■ What is expected: The lines below, from the first through the one containing "This is a pair", are to be given again exactly, with pictures left out and nothing added.

*** Opening Dataset section ***

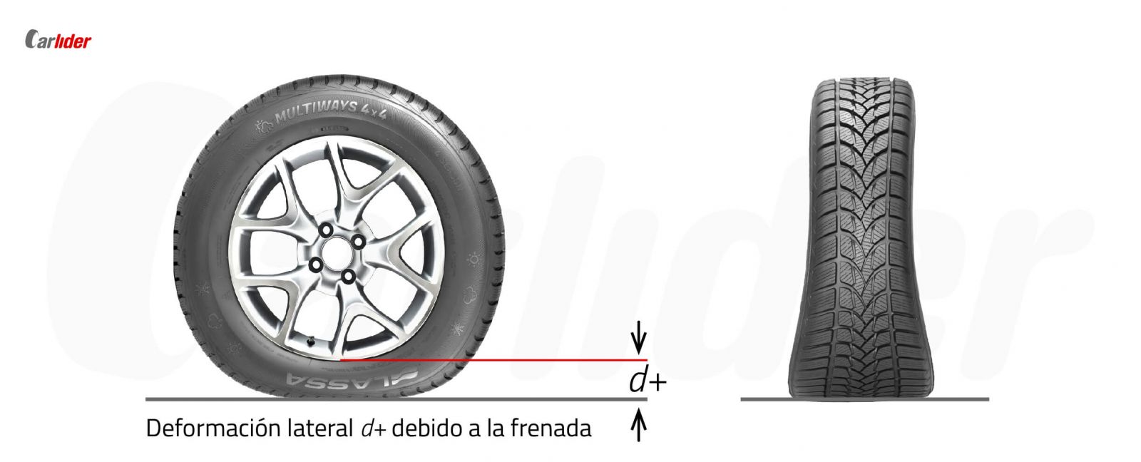 En esta ilustración, el neumático está siendo frenado y la deformación lateral (d+) es mucho mayor debido a la mayor carga impuesta en el neumático.
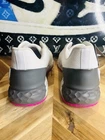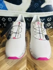 This is a pair of G/FORE G-Drive golf shoes in size 13 for men, featuring a low top style with a snow/pink camo grey colorway. The shoe is designed with cushioned, comfortable, and breathable features, making it suitable for walking and golfing activities. The sneaker style shoe is part of the G/FORE G-Drive product line, known for its colorful and stylish designs, and is suitable for those looking for a fashionable yet functional footwear option for the golf course.
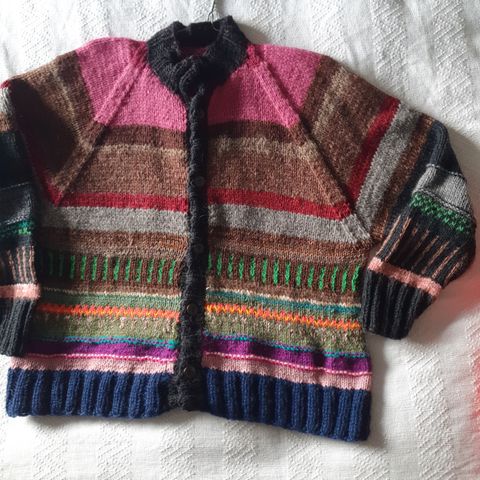 Ny håndlaget strikket cardigan I resten av ullgarn 100% ull. Vaskes på ull program med Milo. Se på bildene størrelse.
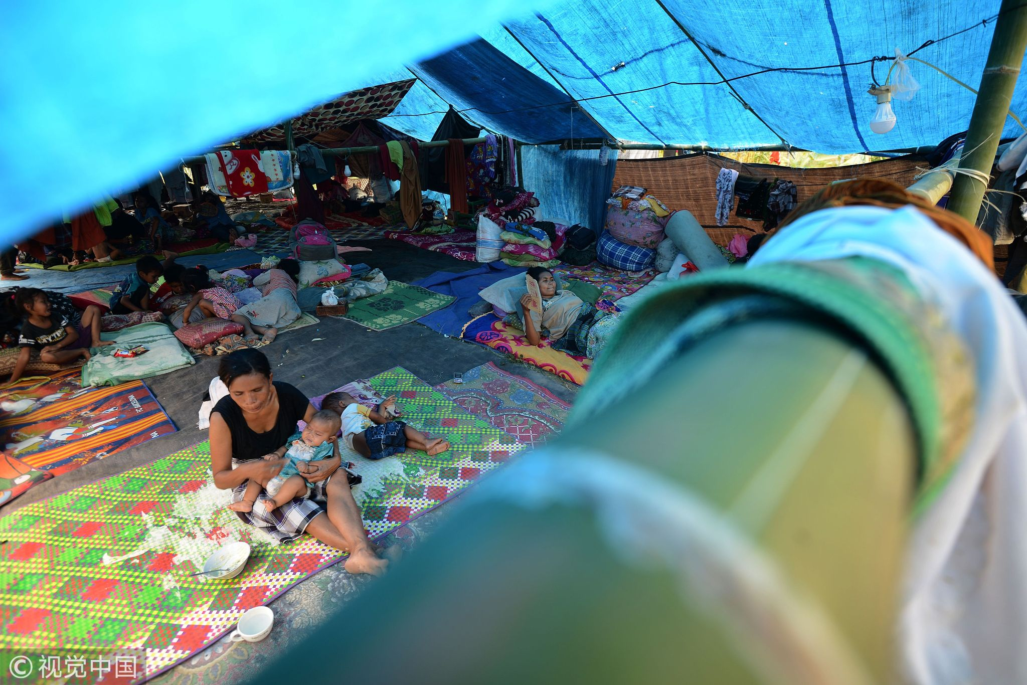 Displaced residents rest in tents set up in Kayangan in northern Lombok island, August 9, 2018, following the August 5 earthquake. /VCG Photo

*** Closing Dataset section ***

■ Reply to the task:
 En esta ilustración, el neumático está siendo frenado y la deformación lateral (d+) es mucho mayor debido a la mayor carga impuesta en el neumático.
 This is a pair of G/FORE G-Drive golf shoes in size 13 for men, featuring a low top style with a snow/pink camo grey colorway. The shoe is designed with cushioned, comfortable, and breathable features, making it suitable for walking and golfing activities. The sneaker style shoe is part of the G/FORE G-Drive product line, known for its colorful and stylish designs, and is suitable for those looking for a fashionable yet functional footwear option for the golf course.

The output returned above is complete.